Suppose we arrange for some automatic means of testing the effectiveness of any current weight assignment in terms of actual performance and provide a mechanism for altering the weight assignment so as to maximize the performance. We need not go into details of such a procedure to see that is could be name entirely automatic and to see that a machine so programmed would “learn” from its experience

Instead of trying to find the similarity between an image and an “ideal image” (as shown in Part I)we could instead look at each individual pixel and come up with a set of weights for each, such that the highest weights are associated with those pixels most likely to be black for a particular category.

For example, pixels towards the bottom right are not very likely to be activated for a 7, so they should have a low weight for a 7, but they are likely to be activated for an 8, so they should have a high weight for an 8.

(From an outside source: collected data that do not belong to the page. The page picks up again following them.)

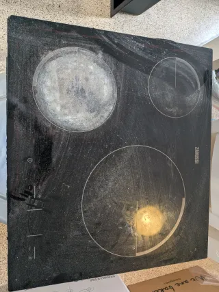 Vitrocerámica de la marca Zanussi. Dimensiones: 59cm x 52cm x 4cm - Encimera de cristal negro. - 3 zonas de cocción. - Controles táctiles. Esta sucia y con cal por la reforma. Funciona perfectamente todo. El único desperfecto que tiene es una de las esquinas (ver la foto). Pero esta limado y no supone ningún problema. Solo estético. SOLO RECOGIDA, NO LA ENVIO
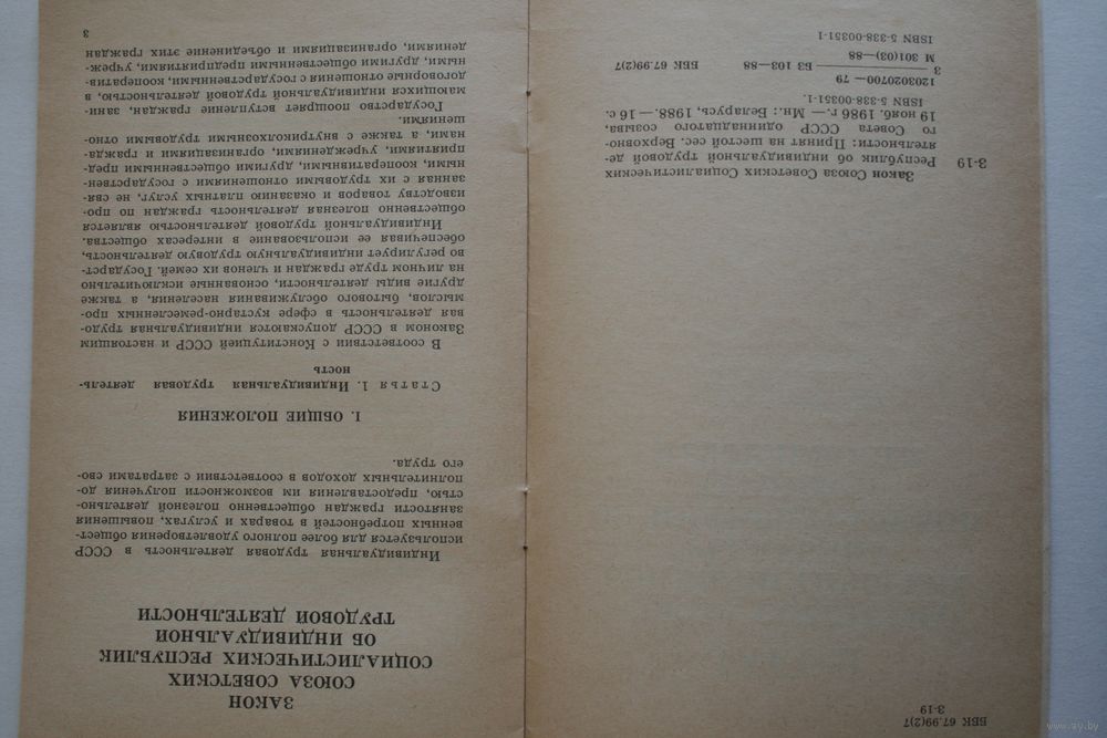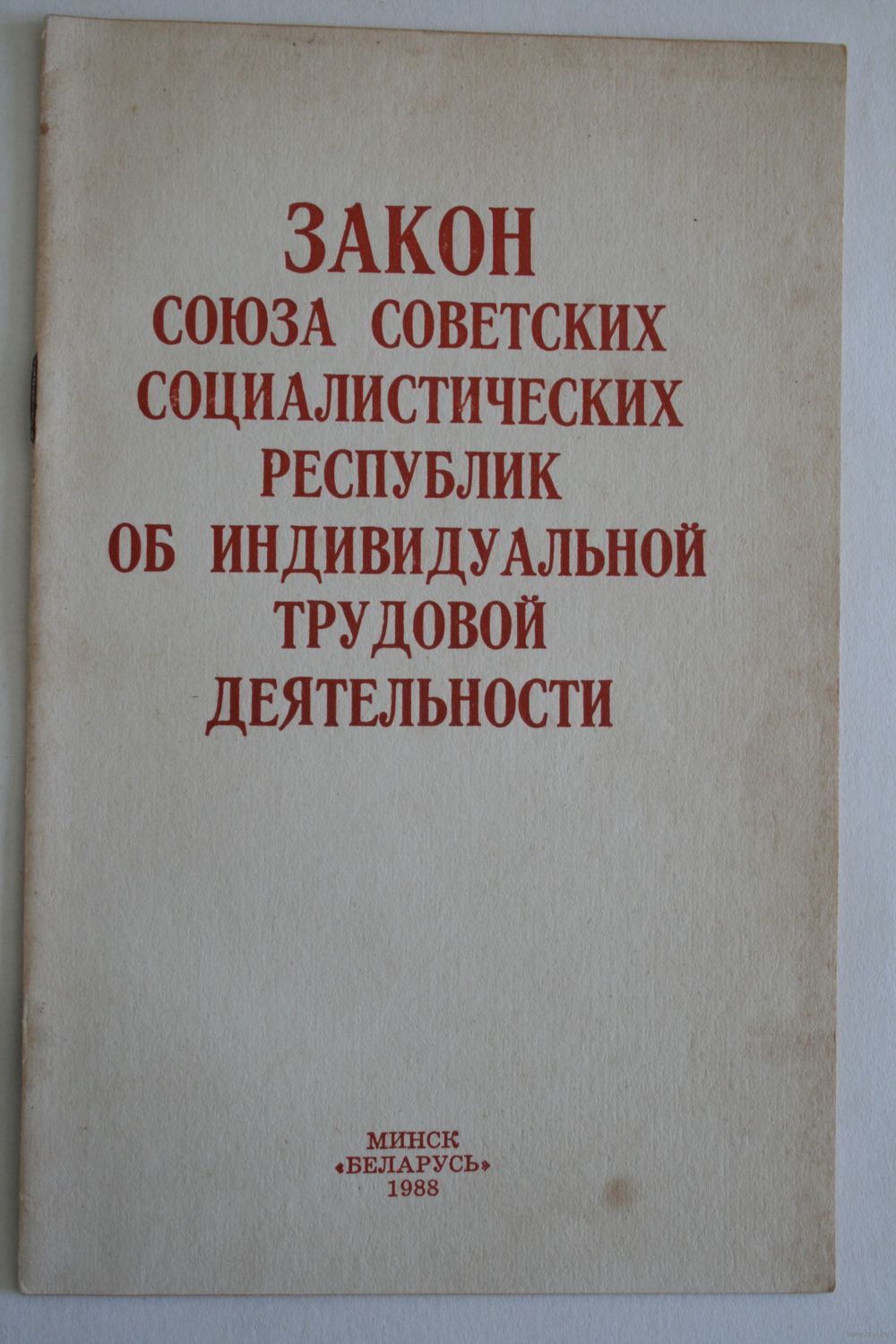 Закон об индивидуальной трудовой деятельности. СССР, 1988г.
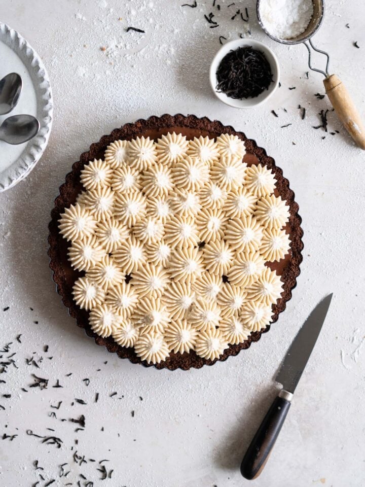 Dark Chocolate Salted Caramel Ganache Tart with Chocolate Graham Cracker Crust and Earl Grey Mascarpone Whipped Cream
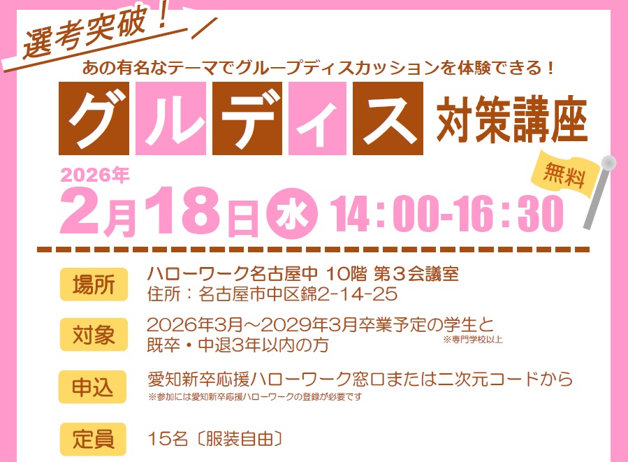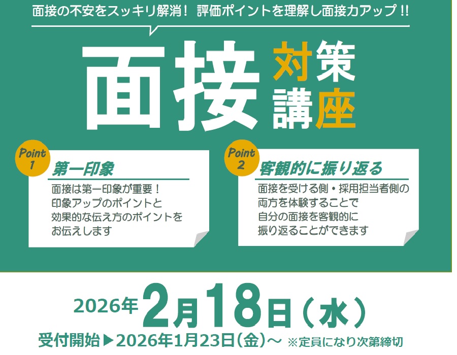 様々方と集団面接練習ができる機会ですので、是非、ご参加下さい。
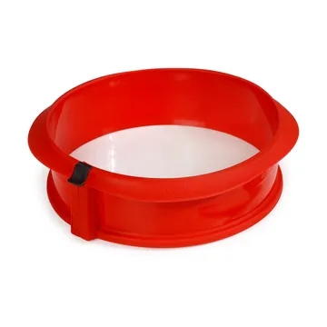Lékué springform med tallerken rød er en aftagelig silikonekageform med keramisk bund til nem bagning og servering. Keramikken er ridsefast, stabil og tåler høje temperaturer. Formens fleksible, men robuste krop har en non-stick-overflade for nem håndtering af kagen. Takket være formsystemets smarte clips og silikontætninger er åbning og lukning problemfri. Server direkte fra ovnen til bordet for en nydelsesfuld oplevelse hver gang.
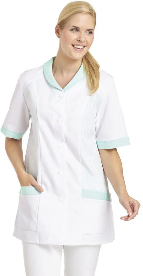 dieser Leiber Kasack 08/800 für Damen ist pflege- und bügelleicht. Des Weiteren hat dieser Leiber Damenkasack einen praktischen Druckknopfverschluss. Außerdem ist sie Industriewäsche geeignet dadurch können auch tiefe Flecken entfernt werden.
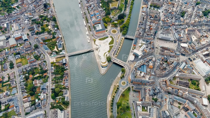 Намюр, Бельгия. Citadelle de Namur — крепость 10 века с парком, перестраиваемая несколько раз. Панорама центральной части города. Ривер Маас. Летний день, Aerial View
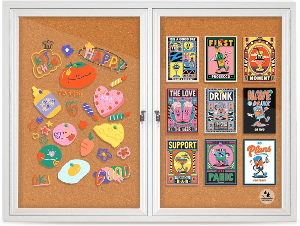 لوحة نشرة نشرة مغلقة في الهواء الطلق مزدوج في الهواء الطلق مع لوحة الإبلاغ المقاومة للحوض مع باب القفل ، لوحة رسائل محمولة على الحائط 44 × 32 بوصة للإشعارات والإعلانات
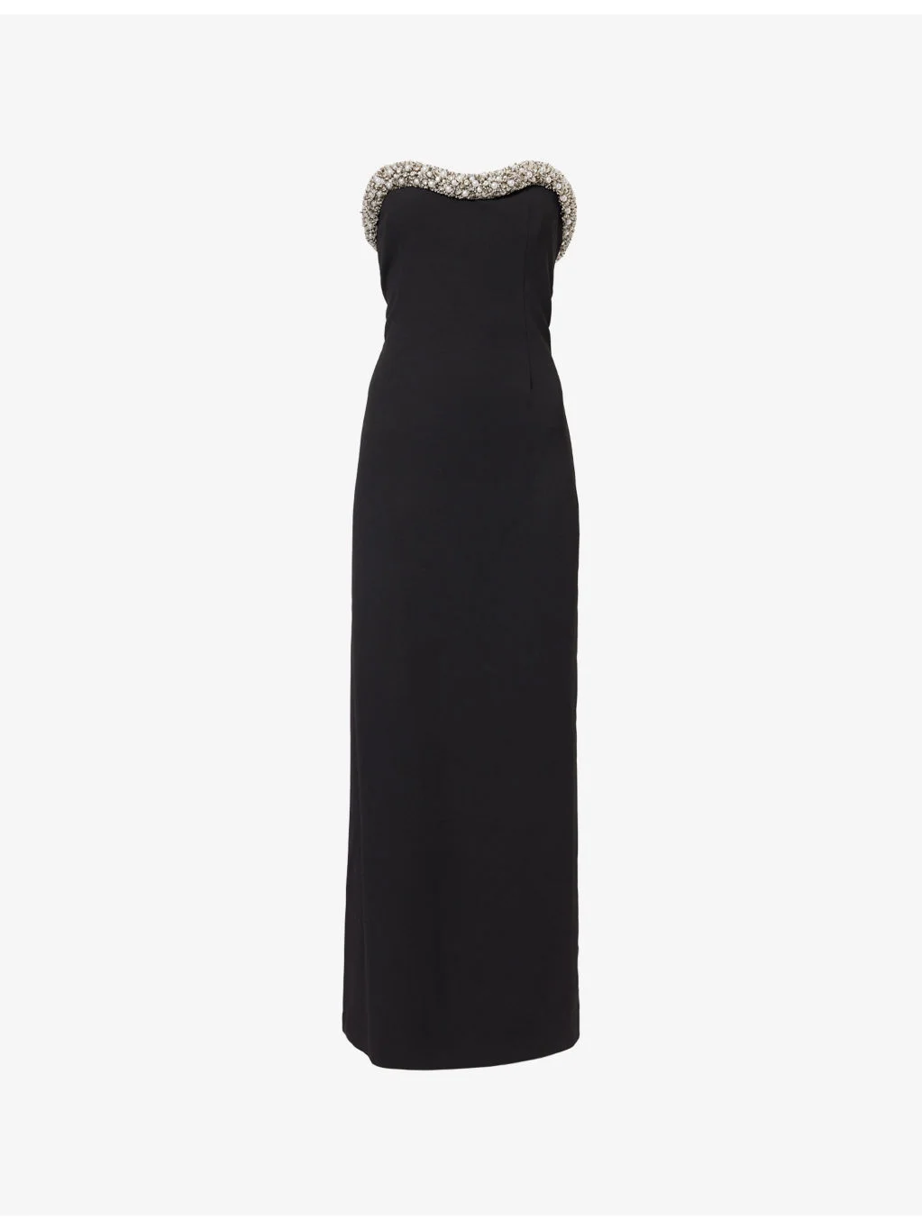 PRODUCT DETAILS - Simkhai woven maxi dress - 97% polyester, 3% elastane - Concealed zip fastening at back - Regular fit, strapless, beaded embellished neckline, straight-cut, slit hem at back, maxi length, fully lined - Dry clean - True to size - Size UK 8: length 51in / 129.5cm - Model is 5ft 10in/1.78m and wears a size UK 8 - Midweight, non-stretch Ref: R04564502
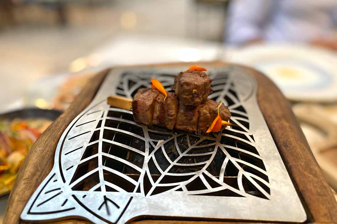 Las brochetas a la parrilla robata se elevan a la excelencia con la brocheta de wagyu eye al josper, sazonada con sumac y un toque de sal de vainilla que realza cada bocado. El rodaballo, acompañado de salsa mignonnette y una delicada emulsión de piquillos, completa una experiencia gastronómica que combina técnica, sabor y presentación impecable.
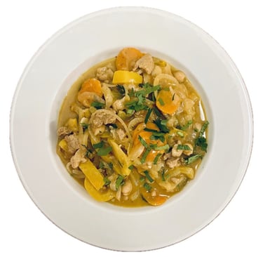 入口 :它口感丰足暖润, 实为冬日雨夜的暖心良伴。蔬菜丁与香干软硬相交的质地和谐融合,培根和豆腐的烟熏味则令炖菜的滋味更富有层次,胡萝卜则增添了天然的甜味。静置过夜明显地使得炖菜味道更加浓郁圆润——这一夜绝对值得等待。
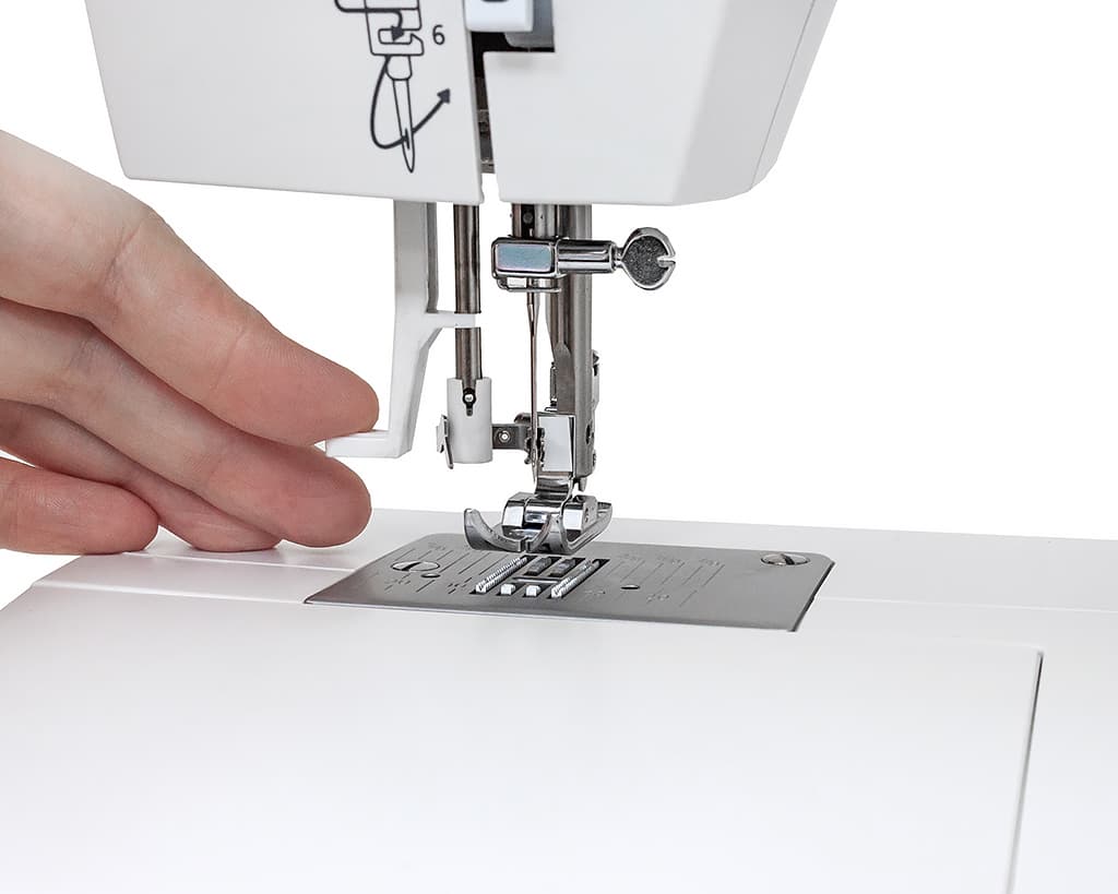 Встроенный заправщик нити облегчит вам трудоемкий процесс. Просто возьмитесь за кончик нити, а нитевдеватель сам протянет ее через ушко иглы.

This can be represented as a function and set of weight values for each possible category—for instance the probability of being the number 8:

def pr_eight(x,w): 
    return (x*w).sum()

Here we are assuming that x is the image, represented as a vector—in other words, with all of the rows stacked up end to end into a single long line. And we are assuming that the weights are a vector w. If we have this function, then we just need some way to update the weights to make them a little bit better. With such an approach, we can repeat that step a number of times, making the weights better and better, until they are as good as we can make them. We want to find the specific values for the vector w that causes the result of our function to be high for those images that are actually 8s, and low for those images that are not. Searching for the best vector w is a way to search for the best function for recognising 8s.


The loss/cost function quantifies the distance between the real and predicted value of target. For a regression problem, the most popular loss function is the sum of squared errors.

Gradient descent is an iterative optimization algorithm for finding the local minimum of a function. The main idea is climbing down a hill until a local or global cost minimum is reached.

Gradient evaluated at any point represents the direction of steepest ascent up this hilly terrain. So we update the parameters in the negative direction of the gradient, hence called Gradient descent.

From Khan Academy document

So, the goal of the gradient descent is to minimize the given loss/cost function by performing the below two steps iteratively:

  1. Compute the gradient (slope)
  2. Take a step in the direction opposite to the gradient

Sorry, something went wrong. Reload?
Sorry, we cannot display this file.
Sorry, this file is invalid so it cannot be displayed.
view raw gradient.ipynb hosted with ❤ by GitHub

Batch Gradient Descent – In this method, the weights update is calculated based on all samples in the training set. With very large dataset with millions of data points, running batch gradient descent can be computationally quite costly.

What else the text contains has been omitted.